Question 1: Are the following empirically observed relationships true

$${n \choose 1^a}{n \choose 2^a}{n \choose 3^a}\cdots {n \choose m^a} \sim \exp\bigg(\frac{2n^{1 + \frac{1}{a}}}{a+3}\bigg)$$ where $$a$$ is a fixed positive integer and $$m = \lfloor n^{1/a}\rfloor$$.

$${n \choose b}{n \choose 2b}{n \choose 3b}\cdots {n \choose mb} \sim \exp\bigg(\frac{n^{2}}{2b}\bigg)$$ where $$b$$ is a fixed positive integer and $$m = \lfloor n/b\rfloor$$.

Question 2: What is the growth rate of

$${n \choose 1^ab}{n \choose 2^ab}{n \choose 3^ab}\cdots {n \choose m^ab}$$

For $$a = 3$$, the $$\%$$ error between the asymptotic and the actual product is shown below. We observe that the error is small and is decreasing with $$n$$?

Note: Posted in MO since it was unanswered in MSE.

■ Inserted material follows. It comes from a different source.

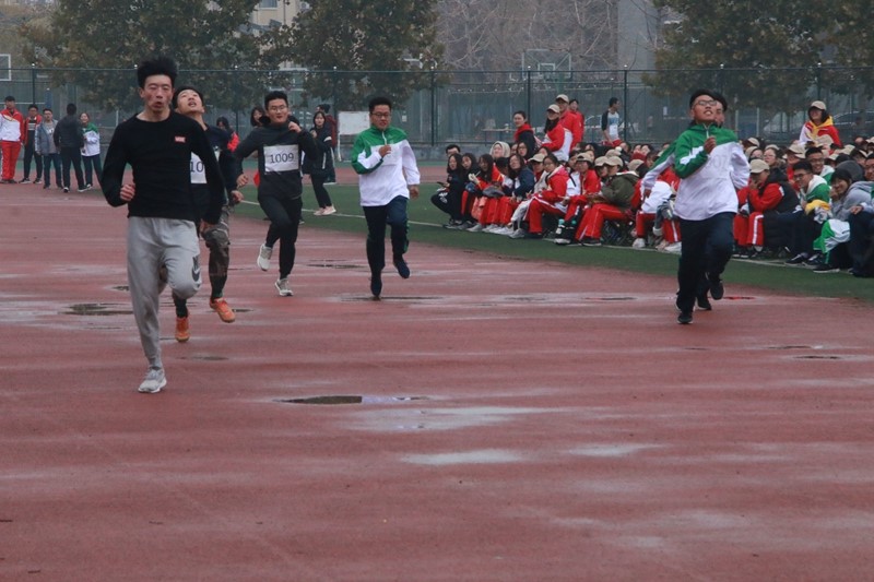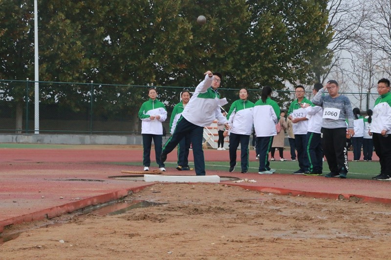 健康活泼的广场舞拉开序幕;裁判员代表以及运动员代表宣读了誓词。本次运动会比赛项目多种多样,有展现个人特长的百米赛跑、千米长跑,有考验力量的铅球比赛,也有体现合作精神的接力赛,还有彰显矫健身姿的跳远比赛……运动员们在场上奋力争先,努力拼搏,不断进取,超越以我,不仅锻炼和展示了自己优秀的身体素质,更体现了更高、更快、更强的体育精神及为集体争光的团队精神。在运动会过程中,各个运动员们不惧挑战,奋勇争先,秉持友谊第一,比赛第二的原则进行比赛;场下的观众情绪高涨,忍受着寒冷,不断的为自己的队伍加油打气。

• what does Stirling's approximation say here? (I understand there are too many factorials) – Venkataramana Aug 12 '19 at 3:25
• in the second one you probably have $k$ and $m$ confused – Brendan McKay Aug 12 '19 at 7:20
• @BrendanMcKay corrected – Nilotpal Kanti Sinha Aug 12 '19 at 7:53

Partial answer (but the general case should be similar): using Stirling+Euler-MacLaurin+Glaisher's constant we have for $$a=1$$: $$\prod_{1\le j\le n}\binom{n}{j}\sim n^{-(n/2+1/3)}e^{n^2/2+n(1-\log(2\pi)/2)+K}$$ with $$K=1/12-2\zeta'(-1)-\log(2\pi)/2\;.$$ Thus I presume that $$A\sim B$$ in the OP's question means that $$\log(A)/\log(B)$$ tends to 1.